Mesopotamian goddess

Urnunta-ea was a Mesopotamian goddess originally worshiped in Girsu as one of the daughters of Ningirsu and Bau. She might have been associated with rain clouds. She is known from an Early Dynastic inscription of Urukagina, from texts from the reign of the Second Dynasty of Lagash, and from the god list An = Anum. In the last of these sources she appears in the circle of deities associated with Lisin, rather than Bau or Ningirsu.

==Name==
The theonym Urnunta-ea can be translated from Sumerian as "who comes out of the lap of the prince" (implicitly: Ningirsu). It was written in cuneiform as ^{d}úr-nun-ta-è-a. It is sometimes romanized as Urnunta'ea or Urnuntaea. A variant spelling, ^{d}úr-é-nun-ta-è-a, is known from the Gudea cylinders. Thorkild Jacobsen and Dietz Otto Edzard suggested reading it as Uragrunta-ea. However, according to Manfred Krebernik this is erroneous.

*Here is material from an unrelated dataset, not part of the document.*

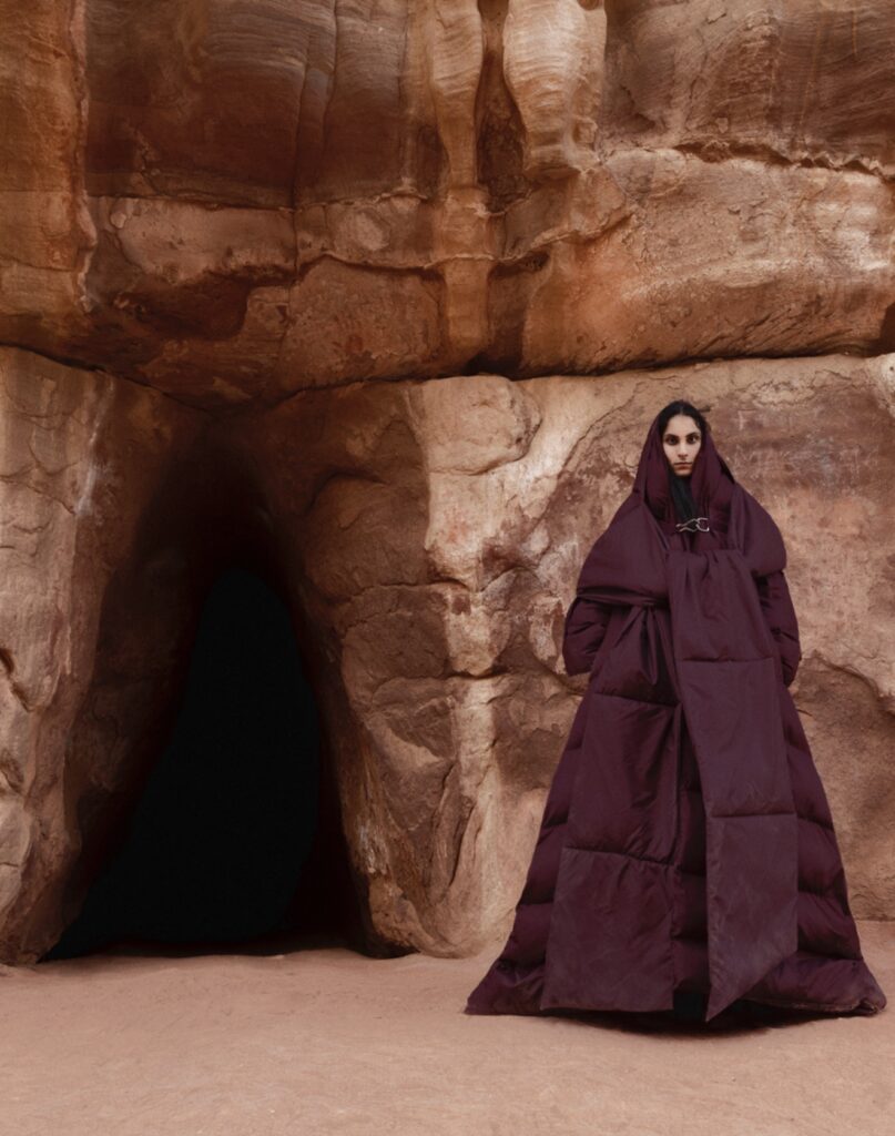 A. Al-Najah | النجاة is a collaboration between Jad Maq and Nazzal Studio, rooted in Bedouin survival instincts from Bilad al-Sham. Using leather, latex, silk, metal, and pigments drawn directly from the land, the collection strips life back to what is necessary. Every form is shaped by function, protection, and presence, inspired by Bedouin rituals, symbols, and tattoo traditions alongside Palestinian and Jordanian tatreez, the work translates ancestral instincts into modern day craft. This is not nostalgia. It is survival translated into contemporary form. A reminder that dignity, clarity, and strength emerge when nothing unnecessary remains. And I see Nazzal Studio evolving further into a multidisciplinary platform. Fashion, performance, sound, and installation will continue to merge. I’m less interested in expansion for scale, though it would be nice to grow as a brand, but I won’t compromise in depth, longevity, and cultural impact.

A further variant known from a fragment of an Old Babylonian litany from Kish describing the pantheon of Kesh or Adab, as well as from a single Neo-Babylonian (or later) copy of the god list An = Anum, ^{d}bur-nun-ta-è-a, reflects the reinterpretation of the name as "she [came forth] from the Euphrates". Structurally similar theonyms include Meslamta-ea, Šaturnunta'e and Nu-E_{2}.NUN-ta-e. (Note: "The light coming forth from the cella", a deity only attested in the Abu Salabikh god list and in the forty-ninth of the Zame Hymns, possibly syncretized with Nuska after the Early Dynastic period.)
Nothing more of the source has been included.